This blog post has the possibility of pissing off some women. Oh well. If it does, I am forever saying something that pisses someone off. It's like I always tell my wife when she gives me a hard time over something I say: If it is not true you wouldn't give me a hard time. Same theory here, if what I am about to say makes you angry, perhaps you should look at yourself. Before I go any further I want to say that this does not apply to all mothers. I actually hope it applies to very few mothers. But one thing I know for sure is although I do not know how many women do what I am going to talk about, I know that some do. I also know it should never happen.

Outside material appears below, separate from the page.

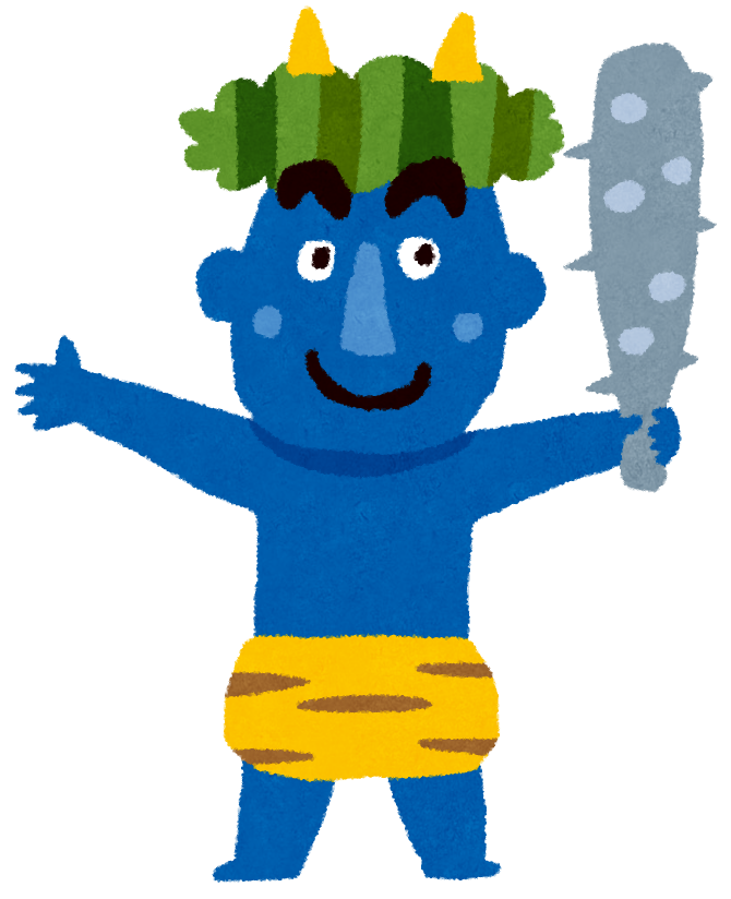 An oni (variously translatable as “demon” or “devil,” “ogre,” etc.) is a mythical monster. Sometimes horned, often but not always inimical to humans, often portrayed as red- or blue-skinned, club-carrying (whence the kotowaza), and cannibalistic – although originally they were invisible spirits of misfortune. They play a role in the springtime festival of Setsubun.
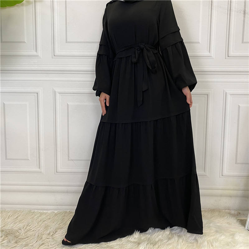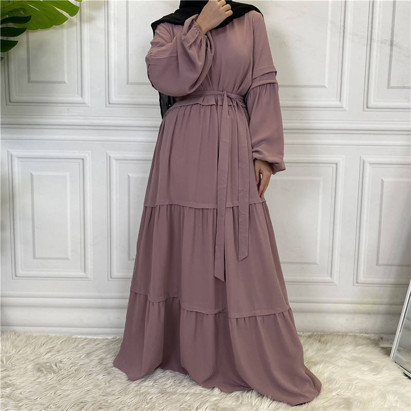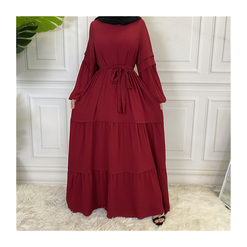 Robe SIPO Jilbab modeste, vêtements islamiques musulmans, robes décontractées, caftan, grande taille, Robe femme plissée couches à nouer, couleur unie

I am a woman, of course. Maybe that is how I know how vindictive some woman can be. Maybe it is because I have had my share of vindictive moments. Not something I'm proud of, but I have said things that should have never come out of my mouth, just because I wanted to get even with someone who had hurt me. That isn't even a woman thing, it is a human thing. A human response to being hurt. What this blog post talks about goes beyond using words to get even. Something that unfortunately hurts innocent bystanders: making one parent pay for something they did to the other parent by using their children.
Children are always innocent bystanders in the break-up of a relationship. Children simply want to maintain a relationship with both parents. Some parents would do anything to get even with the other parent for something they did wrong. Usually cheating and/or leaving the other parent for another person. Sometimes simply for ending the relationship, with no other person involved. They simply do not want to be in the relationship any longer. So they use the child/children as a pawn.
You left me, so you will see the children only when I am there. You cheated on me, so you will never see your children. Oftentimes the only thing that "offending" parent did was leave the relationship or cheat. Or in some other way hurt the parent making the decisions. Deciding that it is within their rights to say if and when the other parent sees their children. The parent making these decisions is often the mother. Not always, but generally.
Some mother's seem to think they have that right, simply because they are the child's mother. The problem with that thinking is a woman has no extra right to a child because she is the mother. Father's have the same rights as a mother. They have the same rights as the mother to see the child and to have custody of the child. I'm not sure if it is the fact that historically the courts in this country have given custody to mother's that causes this thinking or if it is something else. But whatever causes this thinking, mother's simply do not have greater right to children than father's do. Luckily courts do realize this now, and a father receiving custody of a child is not a rare occurrence. In my opinion, if both parent's are good parent's and both want custody, they should have shared custody.
Don't get me wrong, there are men who do not deserve custody and there are men who should have no more than supervised visits. There are also women who these situations apply to. A persons gender alone does not make them suitable parents. One thing I am sure of is that no child should be used as a pawn for either parent to get even for injustices against them, real or imagined. A parents main concern should be their child's welfare, not getting even with another person. If a person puts their own needs in front of the needs of their children, it makes me wonder how competent they are to ever put their child's needs above their own.
Of course the parent can take it to court and fight for visitation, joint custody or sole custody. The problem is that courts are backlogged and it takes time to get a court date. A child should not have to wait for a court date to be able to spend time with both their parent's. Two people who were once in love should be able to set up arrangements for them both to spend time with their children. It is not only the adult thing to do, it is the right thing to do for the child/children. After all, the well being of the child should be what is of utmost importance to any parent's ending a relationship. This is never easy on a child, and parents should want to make it as easy as possible.
I know it is hard when someone cheats on you or when someone unexpectedly ends a relationship. Sometimes it is devastating. But a persons response should never be to use another human being, especially their child, to get even. Especially a child. When a child is not allowed to see one of their parent's, they are the one being hurt. Yes, it may hurt the other parent, but the person hurt the most is the person who both parent's should be doing everything to protect and take care of. Keeping a child away from their other parent, unless that parent is a danger to the child, is not taking good care of that child. It is emotionally and mentally hurting that child. And in the long run it may hurt you, because at some point that child is going to be old enough to understand what you did. When they do, it may be you who loses your relationship with your child.
As always, these are my opinions. But the fact that actions like I have discussed here can emotionally or mentally damage a child is not only my opinion, it is a psychological fact.